Individuals arrested for DUI in California face two separate legal processes following their arrest: A criminal case in the Superior Court and an Administrative Per Se hearing with the California DMV. When someone is arrested for DUI it is their responsibility to request an administrative hearing with the DMV within 10 days. If a hearing is not requested, after 30 days from the date of arrest their license will automatically be suspended for four months. If a hearing is requested within 10 days, no action will be taken against their license until the conclusion of that hearing.


On the criminal side of a DUI, if the case proceeded to trial the defendant would have their case decided by a jury of their peers, with the applicable “beyond a reasonable doubt” legal standard, which is the highest legal threshold in our justice system. In contrast, the DMV hearing process consists of a hearing where the presiding hearing officer is also a DMV employee and is tasked with being both the decision maker and an advocate for the DMV and its interests. Moreover, the standard of proof is the significantly lower “preponderance of the evidence” (more likely than not) standard and the hearing officer can also take great liberties with the admissibility of evidence, to include allowing in unsworn statements and relying on hearsay. Another unique feature of DMV hearings is the permissibility of ex parte communications amongst DMV employees. Most significantly, the DMV authorizes its managers to change the decision of the hearing officer or order the hearing officer to change their decision.

Attorneys defending their clients in DUI matters have long criticized and challenged the DMV process, claiming it violates the due process rights of clients by virtue of the dual role served by the hearing officer, the permissibility of ex parte communications, and the low legal standards applied at the hearing. The reality is, even if an individual is either not prosecuted or exonerated criminally, they can still have their license suspended or revoked by either failing to request an APS hearing or simply losing their hearing due to the lack of due process and substantially lower burden of proof compared to criminal proceedings.

These long-standing issues motivated DUI advocates to challenge the legality of the DMV hearing process by initiating the case of California DUI Lawyers Association et al. v. California Department of Motor Vehicles et al. The California DUI Lawyers Association (CDLA) originally filed the lawsuit in 2014 seeking injunctive and declaratory relief from the DMV and its director. CDLA alleged (1) violation of 42 United States Code section 1983 affecting due process rights under the Fourteenth Amendment to the United States Constitution; (2) violation of due process rights under article 1, section 7 of the California Constitution; and (3) “illegal expenditure of funds” under Code of Civil Procedure section 526a. In sum, CDLA claimed that the lack of a neutral hearing officer, and the ex parte communications between DMV managers and hearing officers, violate drivers’ rights to procedural due process under the California and United States Constitution.

The trial court concluded the DMV’s allowance for ex parte managerial communications and their meddling with the hearing officers’ decision-making violates due process under the California Constitution and constitutes waste under Code of Civil Procedure section 526a. The trial court judgment prohibited the DMV from maintaining or implementing a structure allowing managerial interference with hearing officers’ decision-making through “ex parte communications or command control.” It also found CDLA to be the prevailing party for purposes of an award of attorneys’ fees.

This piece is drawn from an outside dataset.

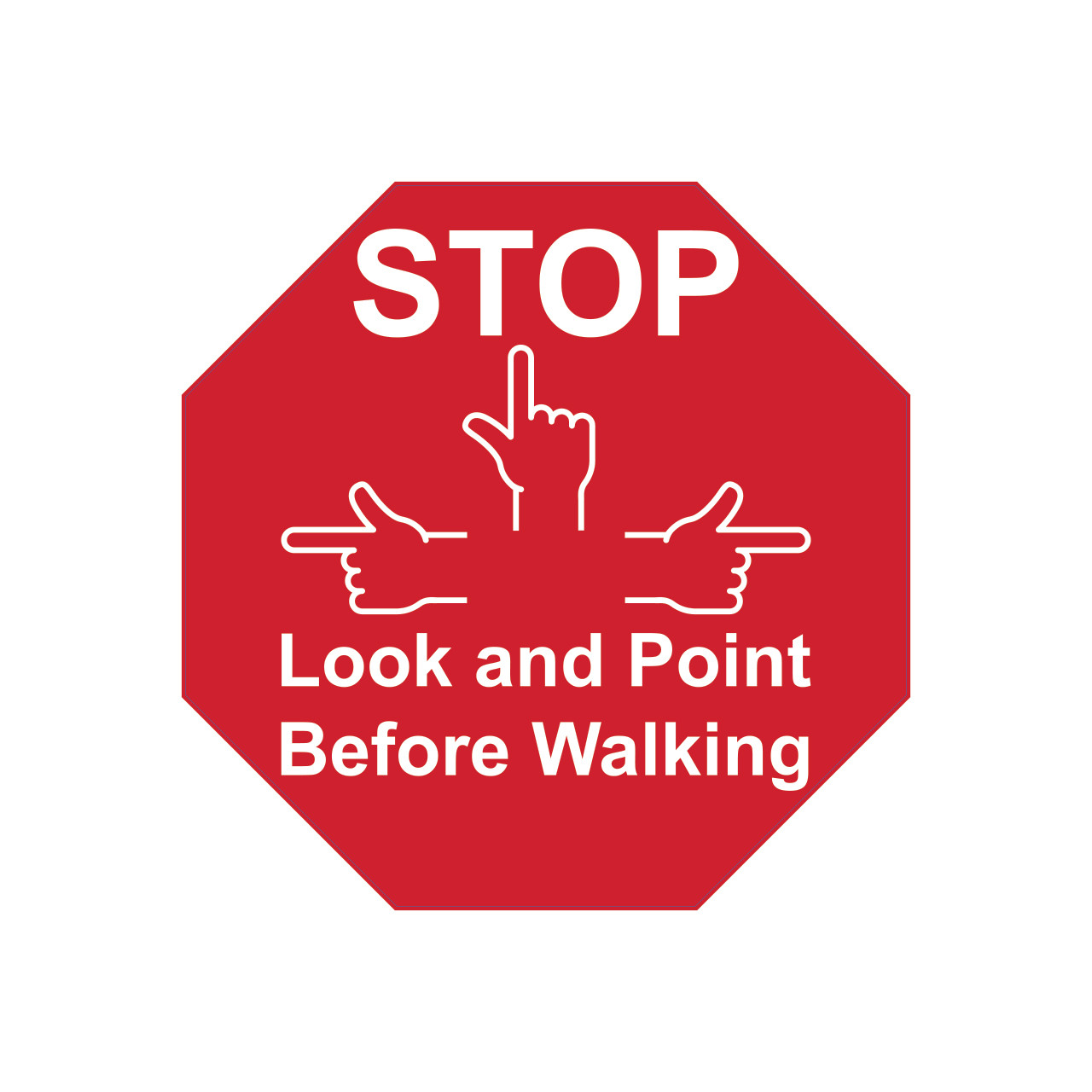 Improve on-site visual communication with this Stop, Look, Point floor sign.

On appeal, the appellate court determined that the DMV’s hearing structure breached the minimum standards of due process under 42 U.S. Code section 1983 and under section 7 of Article I of California’s constitution, created an irreconcilable conflict, and amounted to an unacceptable risk of bias. The court of appeal noted that the DMV acknowledged it was a party to their hearings, that such hearings were adversarial, and that the hearing officer’s role involved both advocating on the DMV’s behalf and acting as a fact-finder. The trial court thus made an error when it denied the plaintiffs’ motion for summary adjudication of its section 1983 claim, given that the lack of neutral hearing officers at APS hearings breached the federal and state due process rights of drivers. The court of appeal also found that a party seeking injunctive relief against a state official in their official capacity does not need to show the official’s personal involvement in the claimed constitutional violation.

Lastly, the court of appeal’s also issued a permanent injunction regarding ex parte communications. The DMV is permanently enjoined and restrained from having its APS hearing officers function as advocates for the position of the DMV while also being fact-finders in the same adversarial proceedings.

It is difficult to ascertain what the lasting impact of this decision will be; however, the DMV is now proceeding with two separate employees for hearings. One as the DMV’s advocate and the other as the decision maker. What affect this new approach will have on the outcome of the hearings is yet to be seen, but the fact still remains that both individuals are still employees of the DMV. Thus, one can reasonably assume that the hearings will likely be more of the same.